● **EXERCISE AIM**: Write out, from the entries below, exactly the lines that run between the lines holding "Dolio con orlo" and "当然webpack升级准备,调整crea", inclusive, and stop there.

● **DATA TO EXAMINE**:
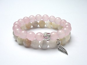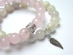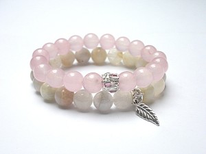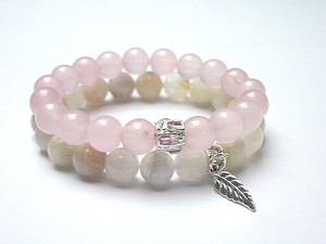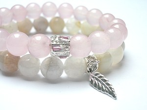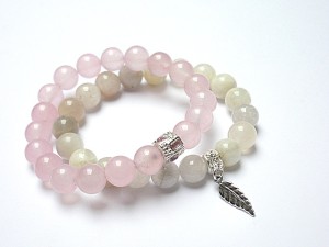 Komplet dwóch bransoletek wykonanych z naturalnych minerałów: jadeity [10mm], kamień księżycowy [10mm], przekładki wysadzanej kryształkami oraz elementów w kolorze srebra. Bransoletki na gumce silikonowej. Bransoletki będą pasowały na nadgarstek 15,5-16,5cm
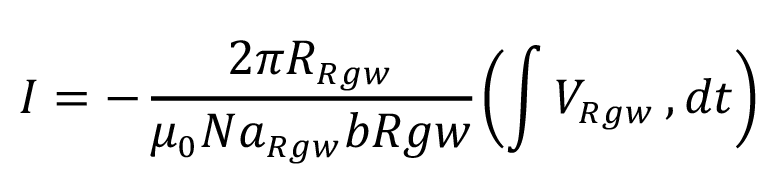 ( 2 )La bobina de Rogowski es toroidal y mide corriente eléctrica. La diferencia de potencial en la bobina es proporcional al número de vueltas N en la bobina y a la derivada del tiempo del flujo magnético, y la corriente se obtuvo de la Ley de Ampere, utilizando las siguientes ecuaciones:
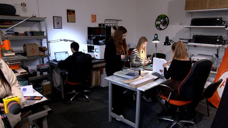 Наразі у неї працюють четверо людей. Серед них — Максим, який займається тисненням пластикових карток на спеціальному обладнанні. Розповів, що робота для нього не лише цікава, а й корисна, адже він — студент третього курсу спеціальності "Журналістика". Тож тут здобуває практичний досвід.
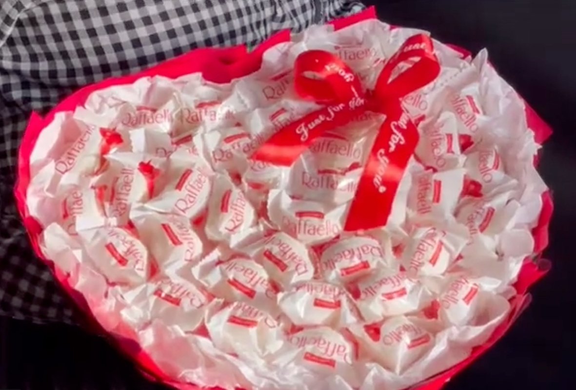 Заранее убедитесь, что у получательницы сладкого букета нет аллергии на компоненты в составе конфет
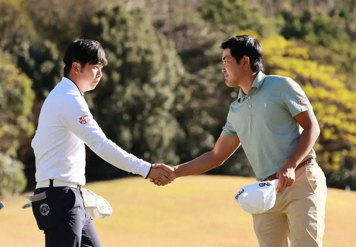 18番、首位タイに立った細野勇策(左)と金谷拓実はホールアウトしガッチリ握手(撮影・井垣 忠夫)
--
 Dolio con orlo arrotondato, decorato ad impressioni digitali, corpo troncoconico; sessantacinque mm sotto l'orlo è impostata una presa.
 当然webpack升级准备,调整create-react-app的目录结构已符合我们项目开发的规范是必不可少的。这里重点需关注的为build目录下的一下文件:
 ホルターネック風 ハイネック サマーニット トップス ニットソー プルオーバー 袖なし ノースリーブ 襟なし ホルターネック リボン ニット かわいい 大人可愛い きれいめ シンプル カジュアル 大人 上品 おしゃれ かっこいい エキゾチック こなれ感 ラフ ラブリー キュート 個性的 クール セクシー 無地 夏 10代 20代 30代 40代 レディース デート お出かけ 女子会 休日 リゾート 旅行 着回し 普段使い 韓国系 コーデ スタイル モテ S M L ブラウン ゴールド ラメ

● **SOLUTION TO THIS TASK**:
 Dolio con orlo arrotondato, decorato ad impressioni digitali, corpo troncoconico; sessantacinque mm sotto l'orlo è impostata una presa.
 当然webpack升级准备,调整create-react-app的目录结构已符合我们项目开发的规范是必不可少的。这里重点需关注的为build目录下的一下文件:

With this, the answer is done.